26 December, 20236 minute read

Making breaking GraphQL changes without breaking anything

We had an issue the other month with our internal summarization microservice, which necessitated what would otherwise be a breaking change. This service has always supported attaching arbitrary metadata to summaries in the form of key-value pairs (à la Stripe), but didn’t have a way of passing options to the chosen summarization method.

This is a big limitation, and prevented us from letting end users control things like the tone of voice used, or final length of the produced summary.

The initial solution was to simply reuse our Metadata scalar type:

Click to copy
type Mutation {  summaryCreate(    prompt_id: ID!,    text: String!,    metadata: Metadata,    # new optional options bag    options: Metadata,  ): Summary!  # ...}

This solution worked well up until we realized that in some cases we actually need to be able to pass in highly structured data as options, which of course doesn’t work with our Metadata scalar type’s validation logic. Whoops.

In theory we can swap the type of options from Metadata to an arbitrary JSON1 scalar type, but this is a breaking change. Any existing graph consumers running this mutation with a Metadata-typed options value will immediately fail type checking at runtime, even though all valid Metadata values are also valid JSON values.

This is because GraphQL scalars are nominal types, and there’s no mechanism for indicating hierarchy or relationships between custom scalar types. Scalar types are—as far as your GraphQL server is concerned—black boxes.

Good to know

This whole issue can be avoided in the first place by simply using an input object parameter instead of putting all the arguments directly on the mutation.
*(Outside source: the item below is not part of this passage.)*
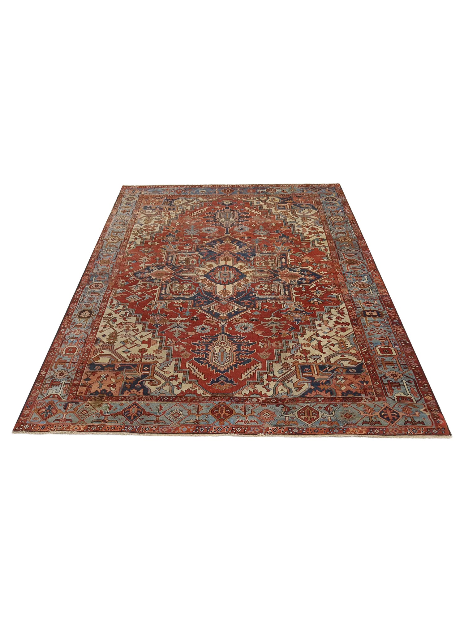 Persian rugs are famous the world over for their unique and distinguishable style. Most of Rugs named on cities or Villages of Persia,Serapi,s are woven in north west of Persia in Heriz Region , where they originate, are perhaps some of the most well-known. These oversized geometric medallions, crisply delineated against a rich red, rust,Ivory or dark blue field, are unmistakable and make a bold statement in any room. Often featuring an all-over layout and intricate geometric floral motives, these Serapi rugs are sure to add distinction and character to any room.

The wrapping CreateSummaryInput type signature doesn’t change when an individual field’s scalar type changes—so the request still passes type checks.

We could also fix this issue in a backwards-compatible manner by relaxing the constraints on Metadata such that it’s possible to store more than simple key-value pairs, but this also isn’t ideal. We support filtering based on metadata values, and this can be done much more efficiently when metadata complexity is constrained.

Constraints are just a good thing to have in general. Having good guard rails in place combined with a product-oriented approach to graph design yields a highly capable GraphQL service that is delightful to build on.

Fortunately, it’s possible to both have our cake and eat it by rewriting incoming queries before they hit our GraphQL framework.

GraphQL query rewriter

GraphQL query rewriter is a small JavaScript library which applies “rewriters” to GraphQL queries. The library has an accompanying express middleware, which lets you run it before queries actually hit your GraphQL server.

Rewriters allow you to transparently migrate incoming queries to work around what would otherwise be backwards-incompatible schema changes. For instance, updating a query from user(id: String!): User! to user(id: ID!): User! would ordinarily break any consumers using the old query despite the ID scalar technically being a superset of String.

With GraphQL query rewriter, it is possible to make this schema change and simply rewrite the old queries to use the new type. This approach to handling breaking changes is conceptually similar to Stripe’s “version change modules.”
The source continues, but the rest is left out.